Lt General Vijay Lall, PVSM, AVSM, ADC (/hi/) is a veteran Indian Army General Officer. His military career spanned about four decades, where he last served as the 15th Indian Director General Ordnance Services of the Army. He was also the Senior Colonel Commandant AOC.' Vjay is the 1st Director General Ordnance Services of this new millennium.

== Early life and education ==
He did his schooling at the Modern School, Barakhamba Road, New Delhi. He joined the National Defence Academy, Khadakwasla, Pune (NDA) in 1958 followed by the Indian Military Academy, Dehradun (IMA); graduating in June 1962.

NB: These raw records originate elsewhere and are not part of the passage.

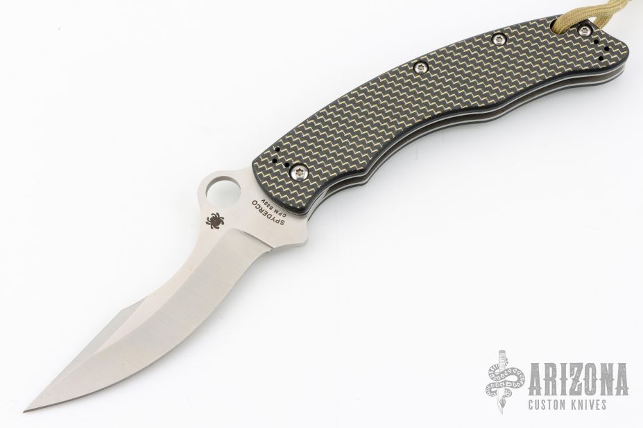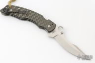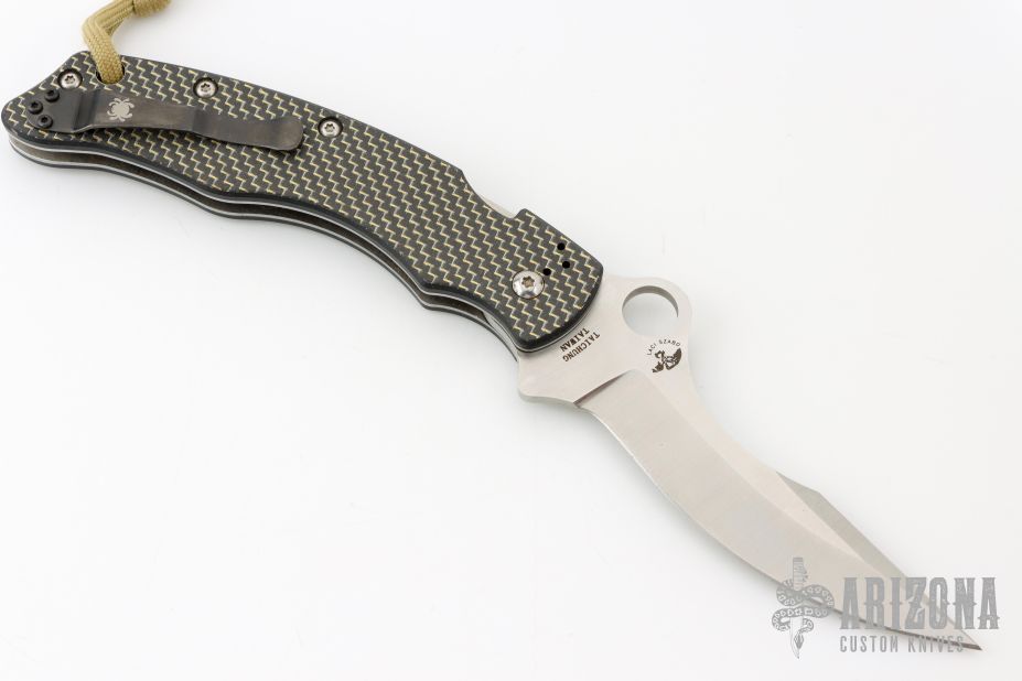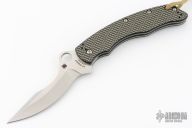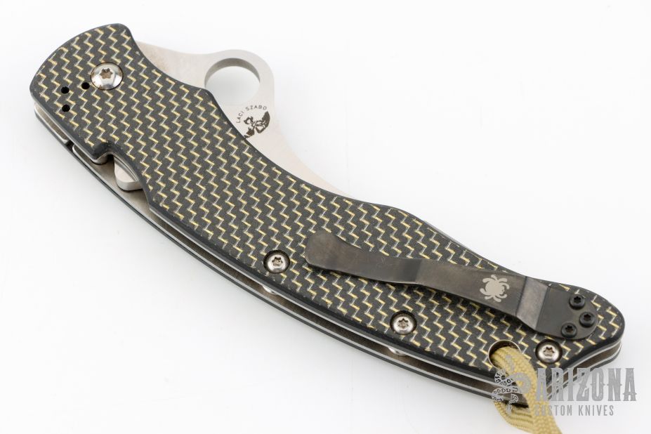This C146CFP Szabo Folder from Spyderco features a satin finish clip point blade with swedge and thumb hole. The handle is comprised of gold line carbon fiber/G10 laminate scales over steel liners and barrel spacers. Black coated 4 way adjustable pocket clip. Lanyard tube in pommel. Comes with original box. Blade rubs the frame. Excellent condition.
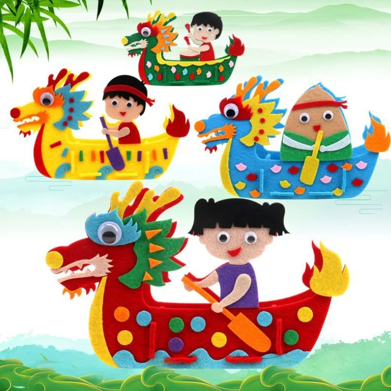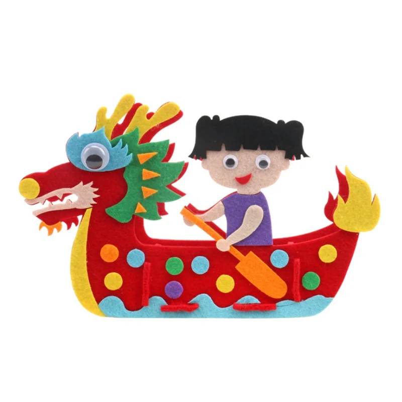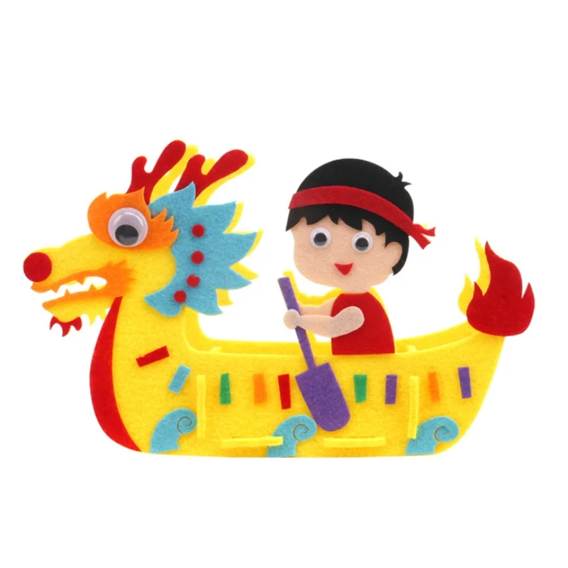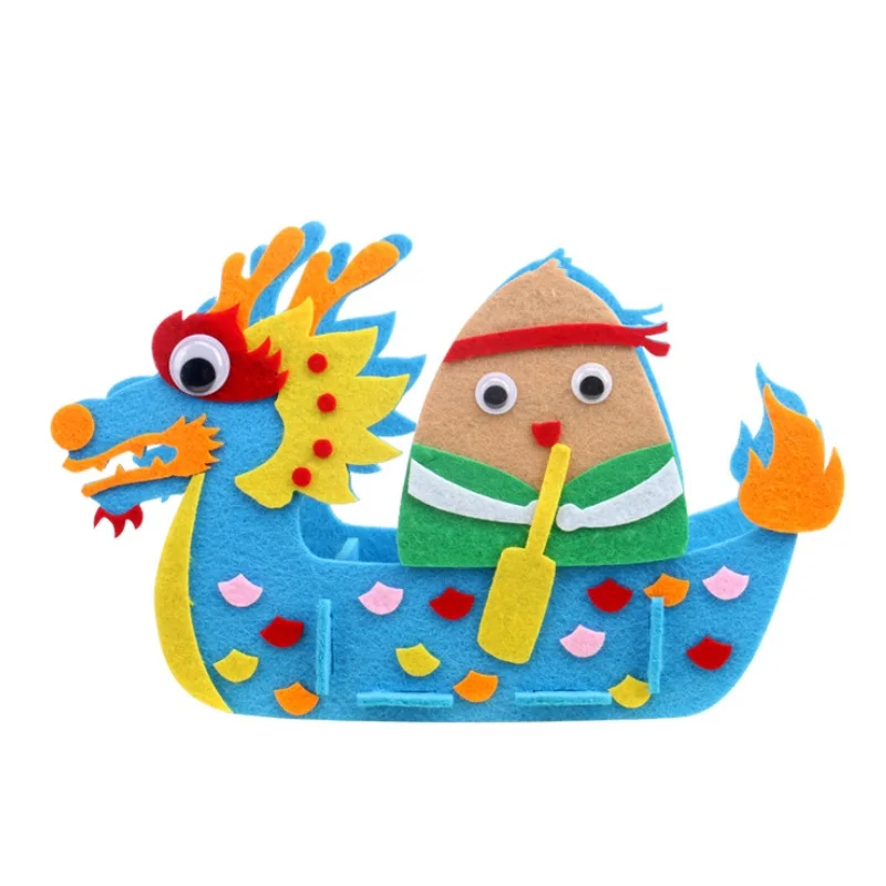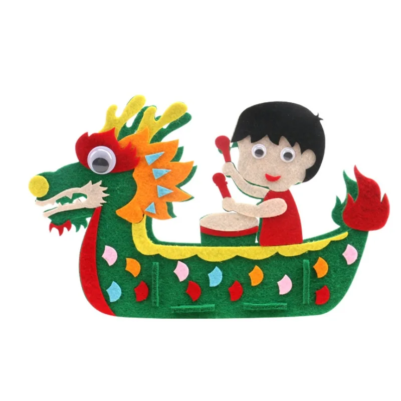 DIY Kids Manual Dragon Boat 3D Model Children handmade Boat Race Toys Children non Woven Clothing Preschool Arts Educational Toy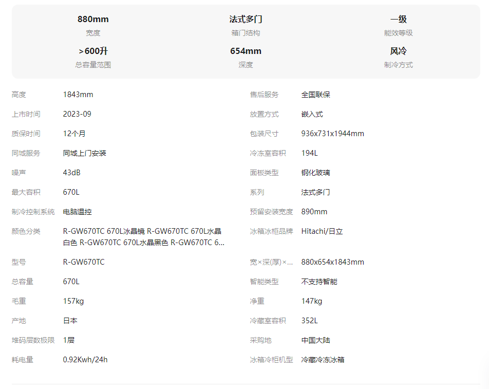 日立冰箱670tc超薄旗舰机日本原装进口嵌入式家用大容量电冰箱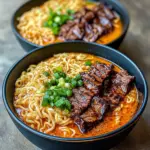 A vibrant and comforting spicy Korean ramen featuring tender grilled beef in a creamy broth.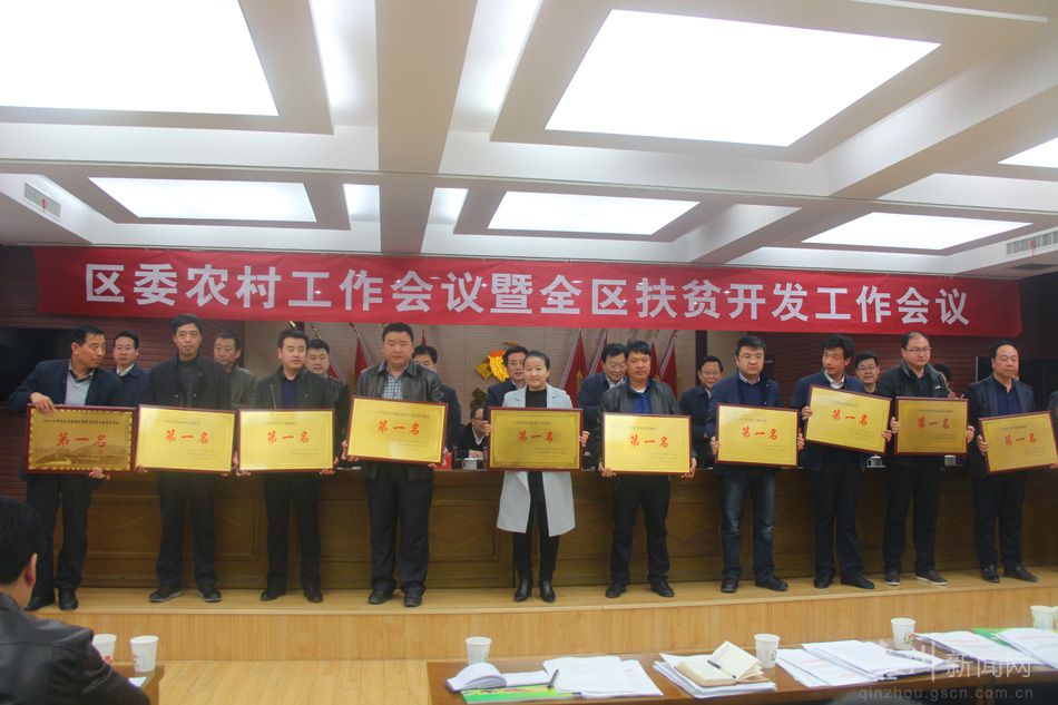 會議表彰了2016年度全區(qū)農(nóng)業(yè)農(nóng)村工作目標管理單項考核先進鄉(xiāng)鎮(zhèn)和2016年度精準扶貧精準脫貧先進鄉(xiāng)鎮(zhèn),對命名第八批農(nóng)業(yè)產(chǎn)業(yè)化重點龍頭企業(yè)、第七批農(nóng)民專業(yè)合作社示范社、第二批示范性家庭農(nóng)場進行授牌;與各鄉(xiāng)鎮(zhèn)簽訂《秦州區(qū)2017年農(nóng)業(yè)農(nóng)村經(jīng)濟工作目標管理責(zé)任書》。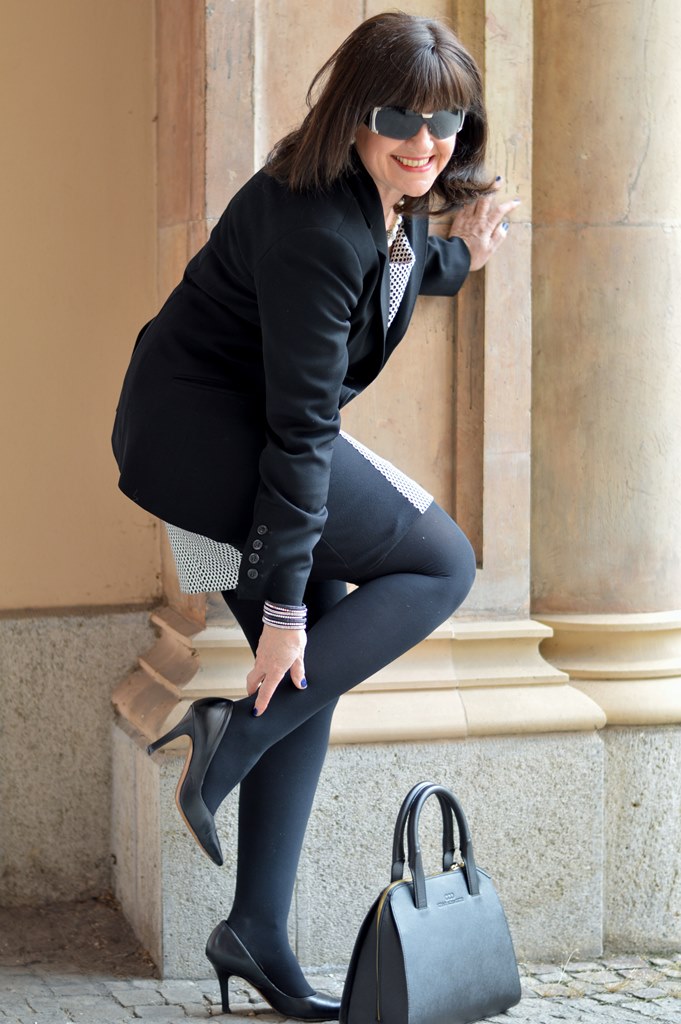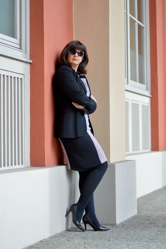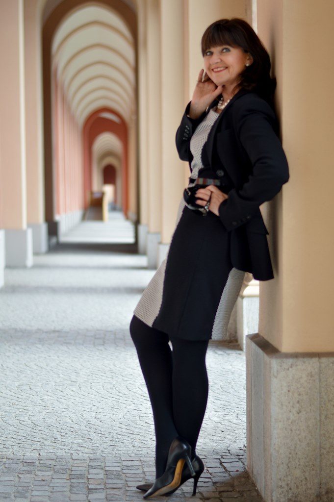 Meine Etuikleid von COMMA, im Schwarz-Weiß-Look habe ich seit drei Jahren. Die zeitlose elegante Form unterstreicht zusätzlich die optimale Passform. Seitliche Kontrasteinsätze sind für meinen Figurtyp vorteilhaft.

In addition, Vijay is an alumnus of various defence and civil training institutions namely the Military College of Materials Management (MCMM), Jabalpur; College of Defence Management (CDM), Secunderabad; Indian Institute of Public Administration (IIPA), New Delhi and Army War College (AWC), Mhow.

== Military career ==
Vijay was commissioned in the AOC on 10 June 1962. He completed his infantry attachment with Third-First Gorkha Rifles (PVC Battalion) where he was a Platoon Commander in the Bravo company. During his career, he held various command, staff, instructional and regimental appointments. He is a specialist in Materials management, ammunition and explosives technology and holds a master's degree in Materials Management from University of Jabalpur.(RDVV)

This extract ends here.